屋敷の周りは森で囲まれており、夜になると木々が空を覆い尽くしてしまい、月光すら照らされなくなっていた。そのため森の中は暗く、妖が現れやすいのだという。
自分の手元には何もなく、辺りを照らす明かりがなかった。真っ暗で、道に迷いそうだった。
肝心な百鬼夜行道も見つからず、ついには帰り道もわからなくなった。
暗闇の中、その場に座り込んでしまい、思わず泣き出してしまった。
怖い。殺される。
屋敷を出たことを後悔し、嗚咽を漏らしながら溢れんばかりの涙を流した。
「誰か...っ...助けて...晴明様...っ...。」
いるはずのない晴明様の名前を呼び、ただ救いを求めた。ついには大声で泣いてしまった。恥ずかしいとか、みっともないとか、そんなのどうだって良かった。今自分の中にあるのは、後悔と悲しみだけだった。

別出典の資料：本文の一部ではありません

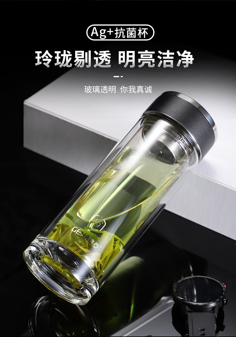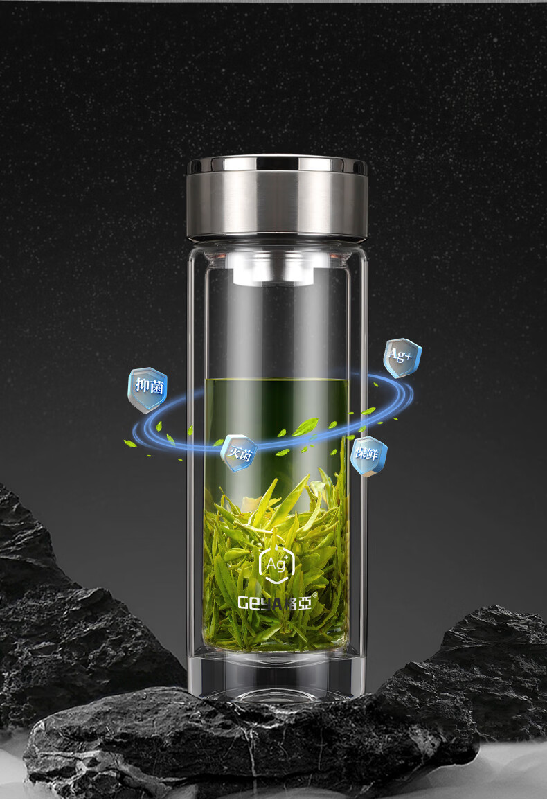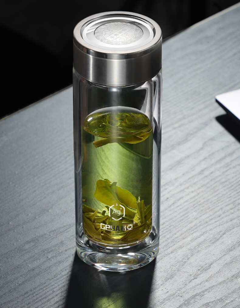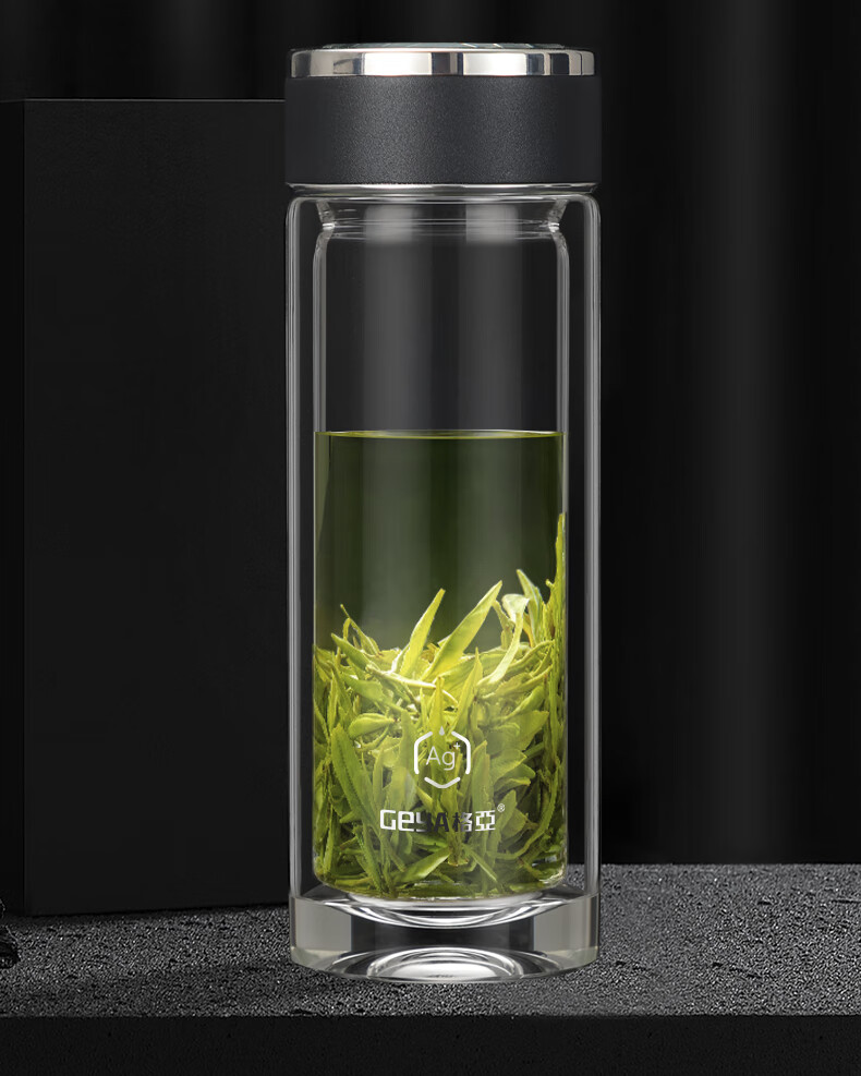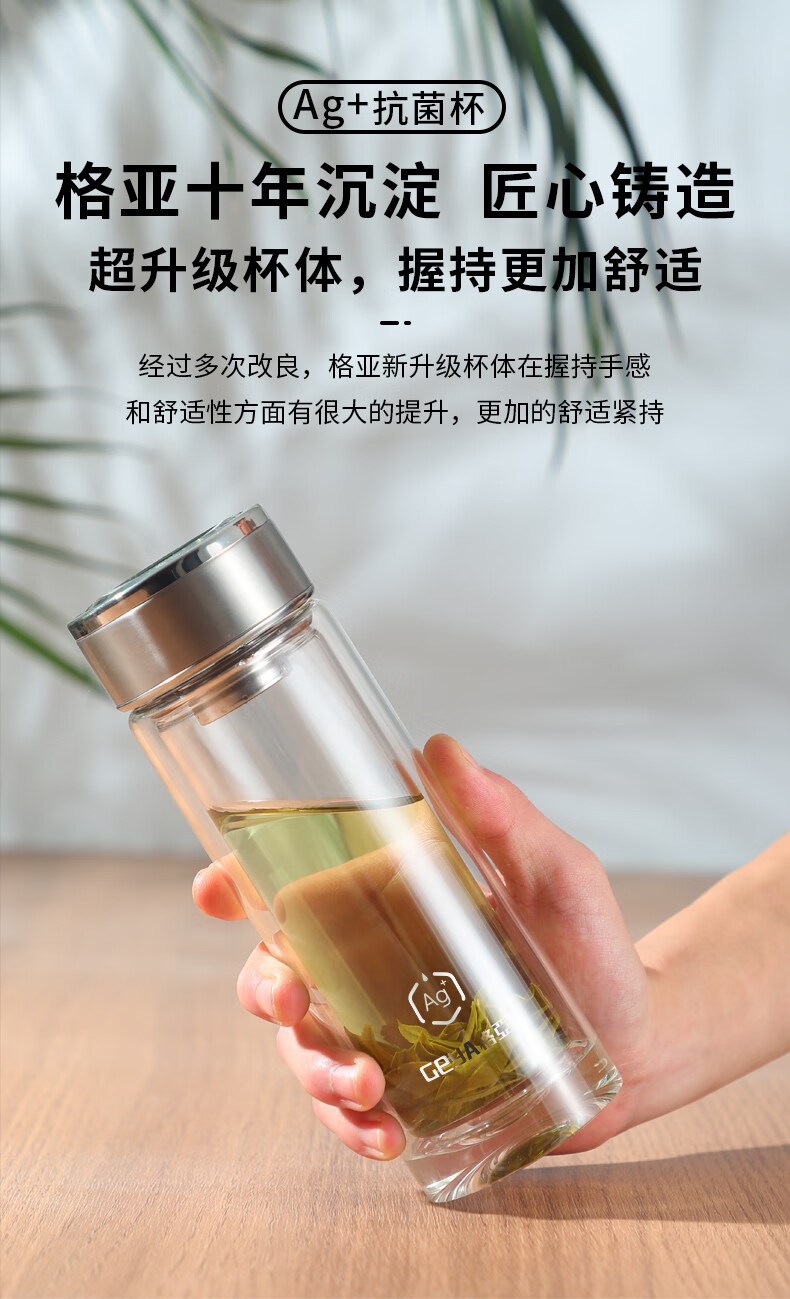 格亚(GEYA)Ag+银离子抗菌玻璃杯高档双层玻璃茶杯养生杯泡茶玻璃水杯子礼盒 银色380ml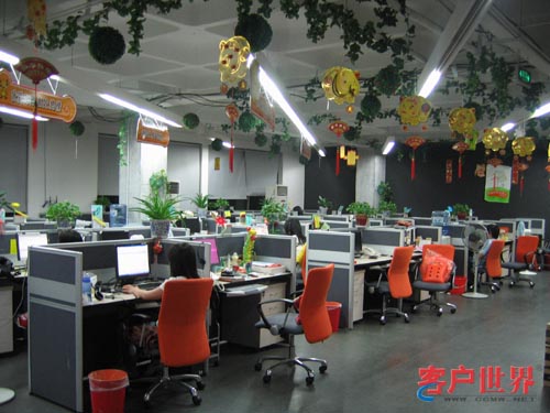 整個(gè)服務(wù)現(xiàn)場(chǎng)的裝修以桔黃色為主色調(diào),代表溫暖、和諧;格局不規(guī)則化,盡顯現(xiàn)代時(shí)尚的風(fēng)格;辦公室到處是綠色植物,墻上貼滿了各種相片、海報(bào)和宣傳語(yǔ),天花板掛滿了激勵(lì)口號(hào)板;別具特色的洗手間文化;乒乓球室、休息室、休閑吧,咖啡機(jī)、茶葉、果汁、雪糕、飲料,魚(yú)缸、大液晶電視、音響……一點(diǎn)感覺(jué)不到這是一個(gè)枯燥的呼叫中心的工作環(huán)境。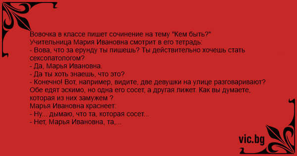 Вовочка в классе пишет сочинение на тему "Кем быть?"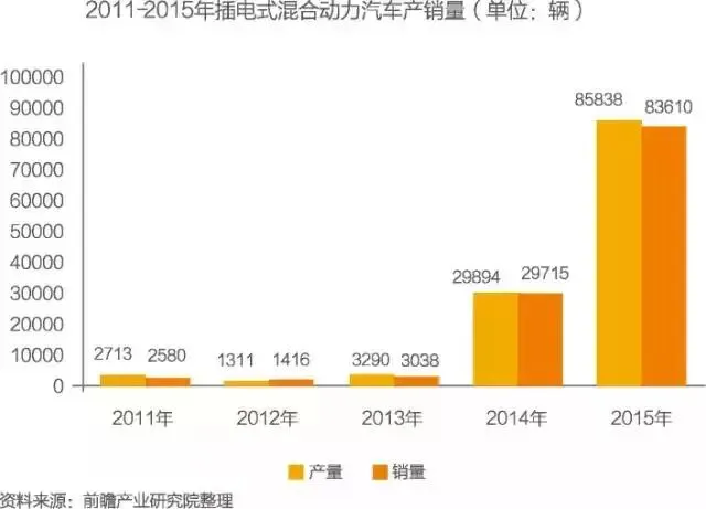 据不完全统计,2014年插电式混合动力汽车产销分别完成29894辆和29715辆;2015年插电式混合动力汽车产销分别完成85838辆和83610辆,比上年分别增长1.87倍和1.81倍。总体来看,混合动力汽车在我国的市场表现在2015年十分亮眼。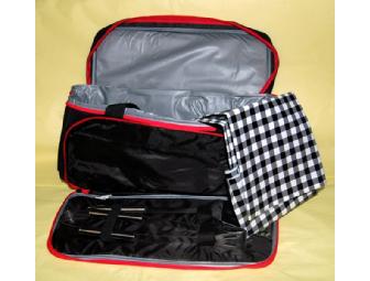 Looking for a great spot to grill some burgers? Just grab this insulated bag, fill it with your food and condiments, and you're off to the park! Bag includes a great plastic table cloth, grilling spatula and tongs.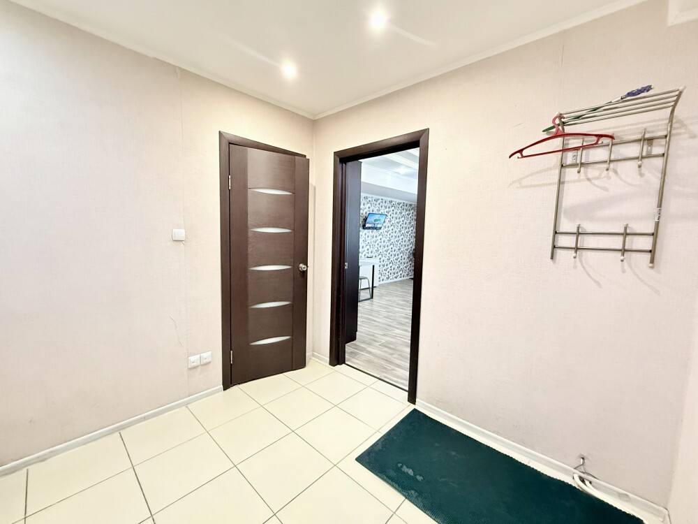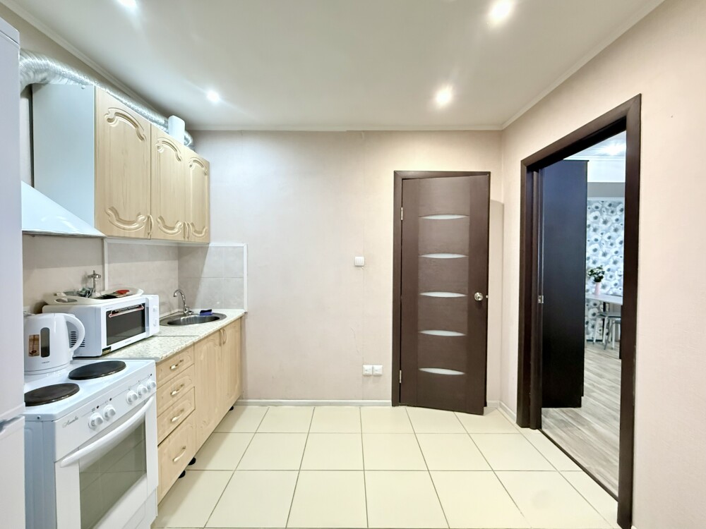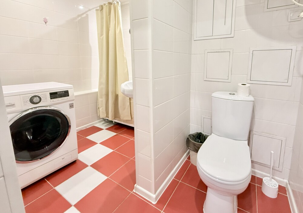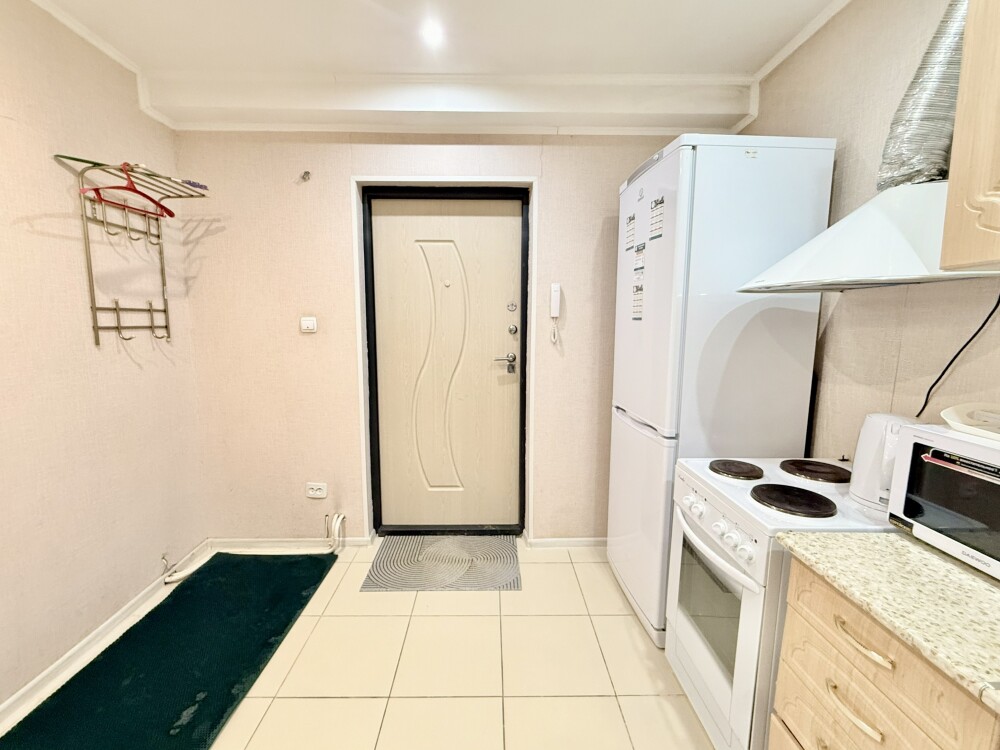 В квартире имеется все необходимое для комфортного проживания. Кухонный уголок, корпусная и мягкая мебель, стол, зеркало, напольная сушилка, гладильная доска, практичная ванная комната.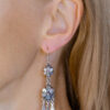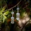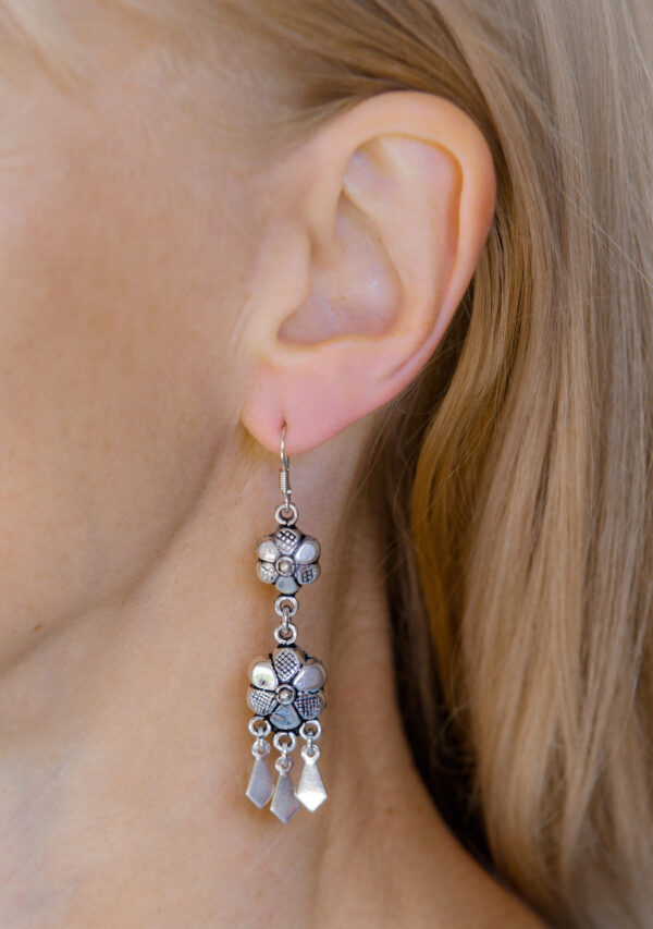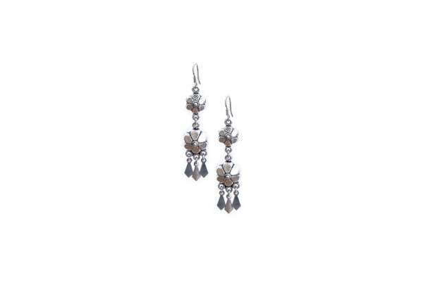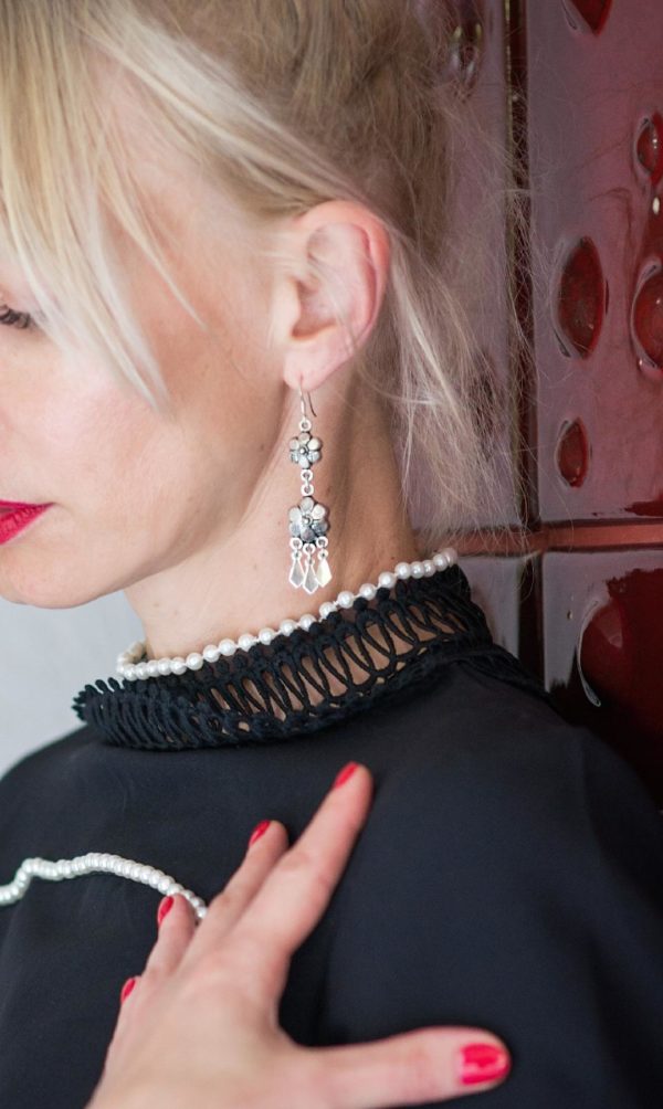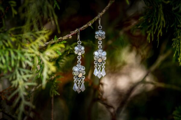 Dwa kwiaty, różnej wielkości, połączone ze sobą i zakończone wisiorkami, prezentują się niezwykle pięknie na uchu każdej kobiety. Dodatkowo kompozycja kwiatowa dodaje subtelności i wyodrębnia piękno oraz delikatność każdej kobiety. Swoim płynnym ruchem biżuteria przykuwa uwagę. Niezwykły dodatek do każdej stylizacji.
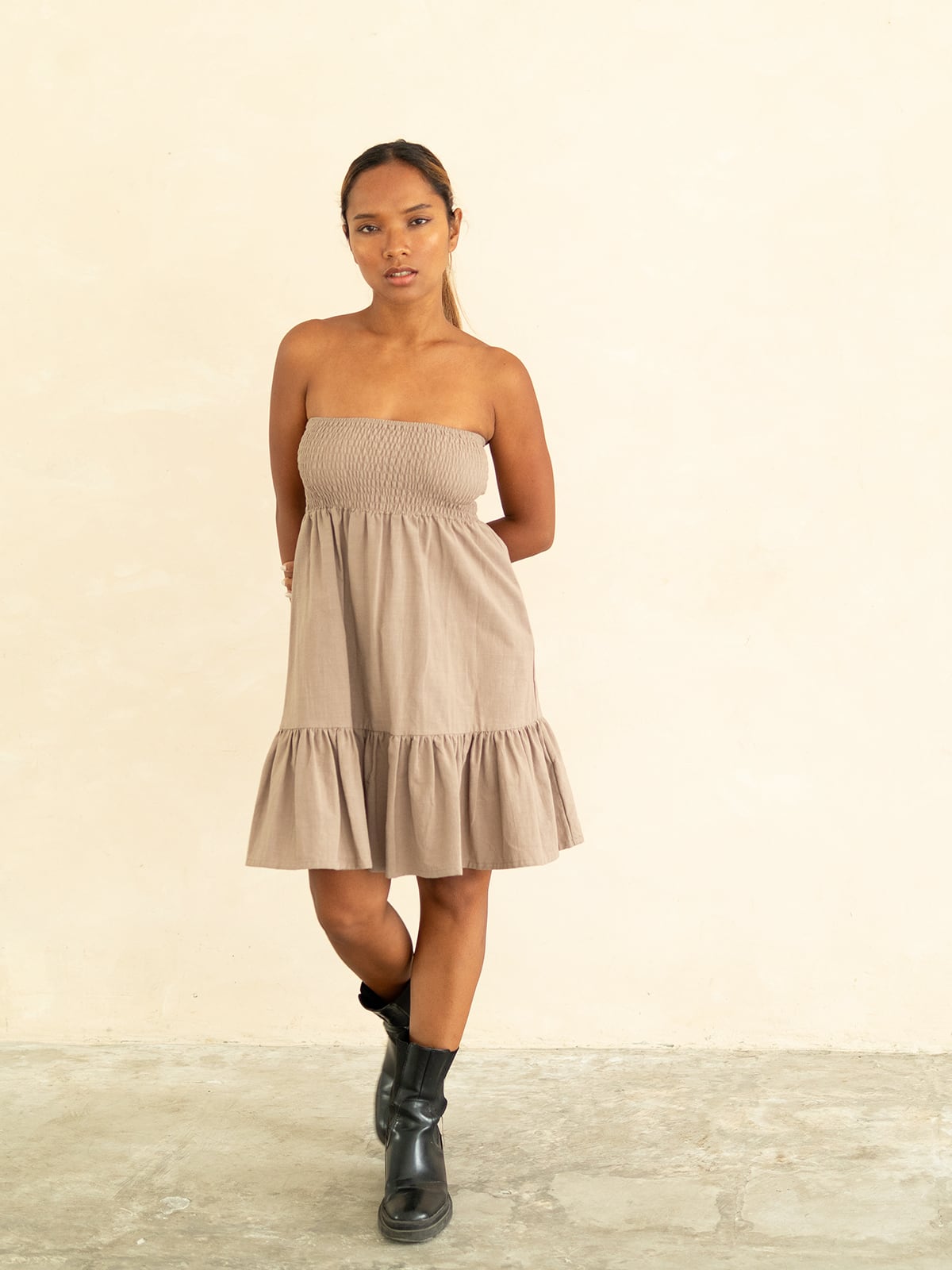 ゴムウェスト・ミディスカート/ベアトップ・ミニワンピース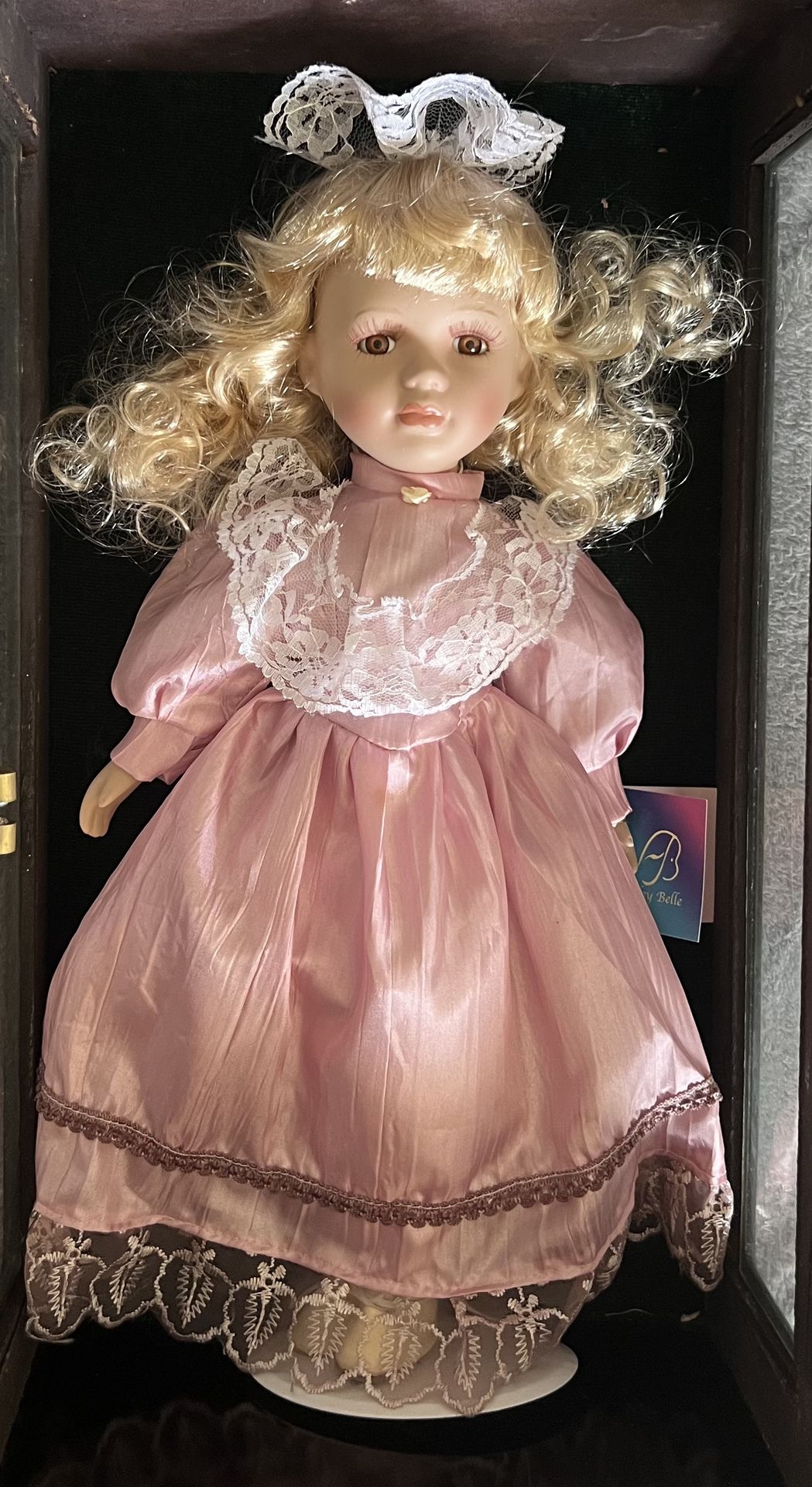 Ashley Belle collection “Carol” Limited Edition. Blonde porcelain doll with lace-trimmed pink dress in the original wooden box. The wood box has gotten a few chips over the years. Item for pickup 🛻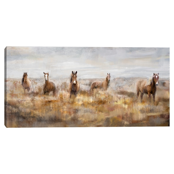 Transform any spot in your space into your very own art gallery with our Morning Herd Canvas Art Print. You'll love having this stunning art print hanging in your home. Art measures 54L x 1.5W x 27H in. Printed on stretched, polycotton blend canvas Wrapped edges complete the look Features horse herd subject Hues of tan, brown, white, and blue Weight: 9 lbs. Hanging hardware not included Care: Dust with a soft, dry cloth. This item is available at Kirklands.com only, not available in stores. Please note: this item cannot be shipped to APO/FPO addresses. WARNING: Cancer and Reproductive Harm - For more information go to www.P65Warnings.ca.gov .

嗚呼...何故百鬼夜行道を探しに行こうとしたのだろうか...。晴明様はもう屋敷にいないのに...。
「輝久ァ!何処にいるんだ輝久ァ!」
...父の声だ。向こうから聞こえる。
やっと救いが来たのだと、その時自分はほっと胸をなで下ろした。
...だが...。
「早く輝久を捕まえろ!アイツは年を取らねえ妖だったんだ!!」
...思わず耳を疑った。
それは自分のことなのか?年を取らないってどういうことか?
慌てて立ち上がり、声のする方の反対側へと走った。...いや、"逃げた"といったほうが正しいか。
ただがむしゃらに走った。怖くて、怖くて、たったそれだけで走った。
時間旅なんてしなければよかった...。
「輝久!こっちだ!」
目の前には出かけたはずの晴明様がいた。
晴明様は自分を捕まえようとする様子ではなかった。自分を助けてくれるのだろうか?
「晴明様!」
自分はとにかく晴明様の元へと走った。
後ろで追いかけてくる奴らを引き連れて。